Gemini 3.5 Flash

Pricing and Model Positioning

  • Gemini 3.5 Flash standard pricing is reported as ~$1.50/M input and $9/M output tokens, about 3× the previous Flash tier and similar to older Pro models.
  • Several commenters note confusion between batch/flex vs on‑demand pricing; early posts misquoted cheaper numbers.
  • Many see this as Flash effectively becoming “new Pro”: cheaper than 3.1 Pro per token but not a “cheap fast model” anymore.
  • Some suspect this is not cost-based but an attempt to move upmarket and reduce overload from underpriced Flash models.

Performance, Benchmarks, and Token Use

  • Benchmarks look strong; several claim 3.5 Flash is near or at Sonnet‑class intelligence and beats 3.1 Pro on many tests.
  • Others highlight cost-per-task: Artificial Analysis shows 3.5 Flash costing ~74% more than 3.1 Pro to run their suite, while scoring lower.
  • Multiple hands-on tests show 3.5 using many more “thinking” tokens; that can erase speed/price advantages in real workloads.
  • Some report 3.5 Flash solves coding/design tasks in far fewer tokens than older Gemini models; others find it more verbose.

Developer Experience, Tools, and Reliability

  • Antigravity 2.0 (CLI and GUI) is praised as a strong agent harness, but:
    • Quotas on the Gemini “AI Pro” plan were sharply reduced (e.g., “12 Pro prompts per 5 hours”, very easy to hit).
    • People hit quota or 5xx errors after a handful of Antigravity sessions; some are canceling subscriptions.
    • Complaints that failed generations (e.g., image overload errors) still consume quota.
  • Google’s AI Studio and API are widely described as flaky and inconsistent compared to competitors.

Coding and Agentic Use

  • Opinions on coding are polarized:
    • Some say raw coding/reasoning is very strong for a “flash” model and competitive with higher tiers.
    • Others find 3.5 Flash clearly worse than frontier models in deep systems code, long-horizon refactors, and tool use.
  • Recurring theme: Gemini models are “smart but stubborn” — disregard AGENTS.md/instructions, overbuild features, disable tooling, or ignore linters.
  • Agentic performance (multi-step tool use, large projects) is often called Gemini’s weak spot; several say this regressed vs older models.

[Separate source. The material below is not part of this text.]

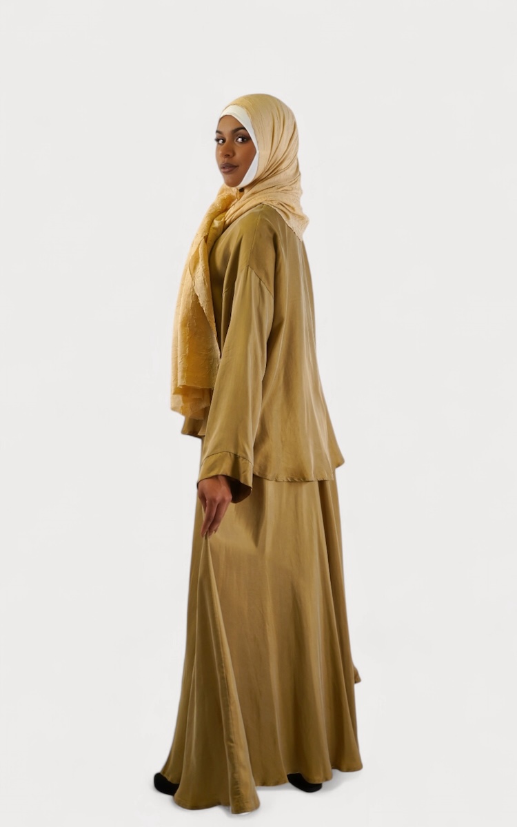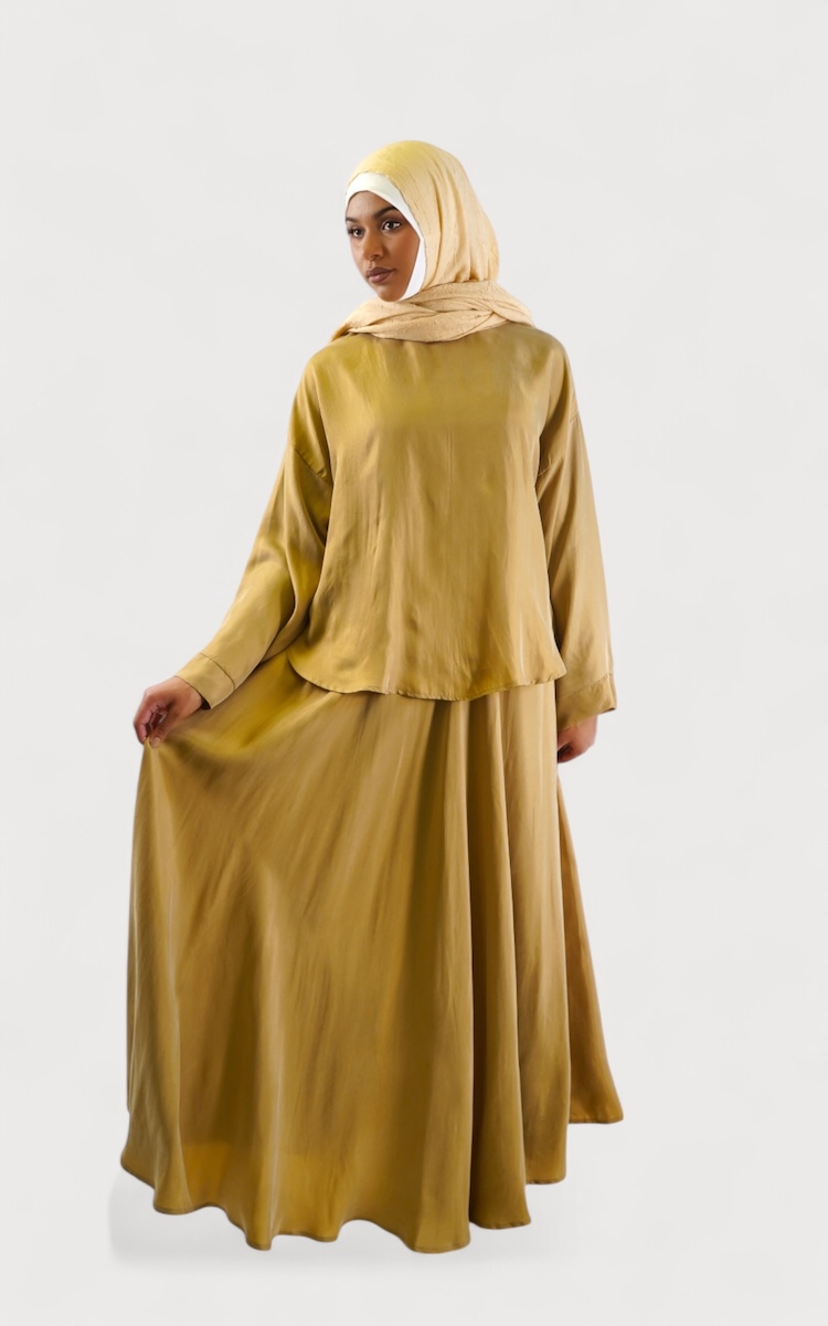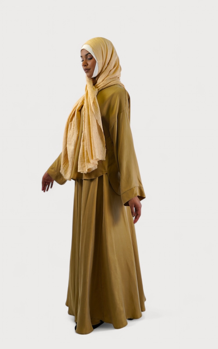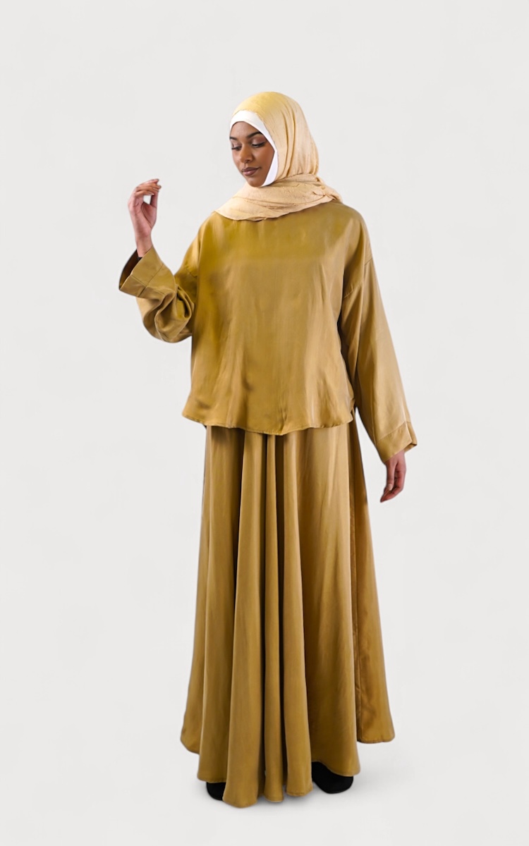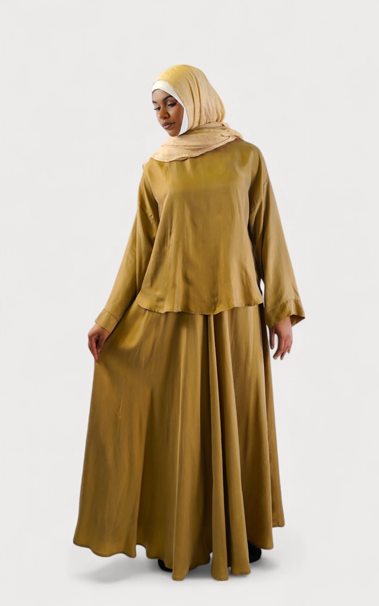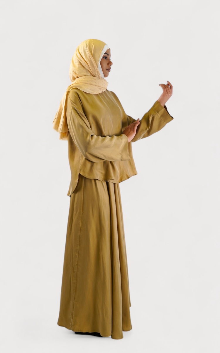 This ensemble blends practicality with effortless grace. The flowing semi-circle maxi skirt moves gently with every step, offering fluidity and elegance in motion. Its classic silhouette makes it a versatile choice for any occasion. The relaxed tunic with wide cuffs adds a modern touch while ensuring maximum comfort. Designed for easy, graceful wear, this set is ideal for both everyday looks and special moments.

Hallucinations, Knowledge Cutoff, and Search

  • Knowledge cutoff is January 2025 with “latest update May 2026”; some find the lag worrying given rapidly LLM‑polluted web data.
  • Many still see frequent hallucinations in legal, research, niche APIs, and gaming contexts, even with web search enabled.
  • Others argue that web-grounded harnesses for top models have made hallucinations rare for everyday questions, but not for specialized domains.

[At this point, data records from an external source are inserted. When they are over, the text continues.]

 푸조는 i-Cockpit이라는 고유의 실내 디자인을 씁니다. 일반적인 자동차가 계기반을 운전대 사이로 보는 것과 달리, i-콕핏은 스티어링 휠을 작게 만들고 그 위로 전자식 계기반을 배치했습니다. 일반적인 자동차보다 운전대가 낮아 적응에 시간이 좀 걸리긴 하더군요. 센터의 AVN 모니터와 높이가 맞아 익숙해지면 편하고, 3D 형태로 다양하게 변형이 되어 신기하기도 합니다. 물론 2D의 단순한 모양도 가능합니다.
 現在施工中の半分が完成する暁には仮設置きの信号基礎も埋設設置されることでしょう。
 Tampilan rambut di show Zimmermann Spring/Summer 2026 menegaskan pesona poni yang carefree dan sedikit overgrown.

Competition and Local Models

  • DeepSeek V4 (especially Flash) and Qwen 3.6 are repeatedly cited as dramatically cheaper with “good enough” capability, especially for coding.
  • Several note that open‑weight models now approach last year’s frontier and can be run locally on high-end consumer hardware; this makes rising cloud prices less attractive.
  • Some foresee a three‑tier future: free/cheap local models for most users, subscription “near frontier” models, and expensive frontier APIs for high‑value work.

Naming, Branding, and Strategy

  • Many find Google’s naming confusing: Flash vs Flash‑Lite vs Pro, shifting roles from release to release.
  • Some interpret 3.5 Flash being marked “stable” (not “preview”) plus the price hike as a long-term reset of the “cheap model” baseline, not a temporary spike.
  • Several suspect Google is prioritizing monetization and search integration over being the absolute frontier lab.

Culture, UX, and “Vibe”

  • A recurring complaint is Gemini’s personality: overly enthusiastic, flattering, and verbose, even when wrong; some users say this alone puts them off.
  • The “pelican on a bike” SVG benchmark shows 3.5 Flash generating elaborate, stylized but structurally flawed graphics, illustrating a tendency to “do a lot” rather than fix core mistakes.
  • Overall sentiment mixes respect for speed and raw capability with strong skepticism about pricing, reliability, and long-term trust.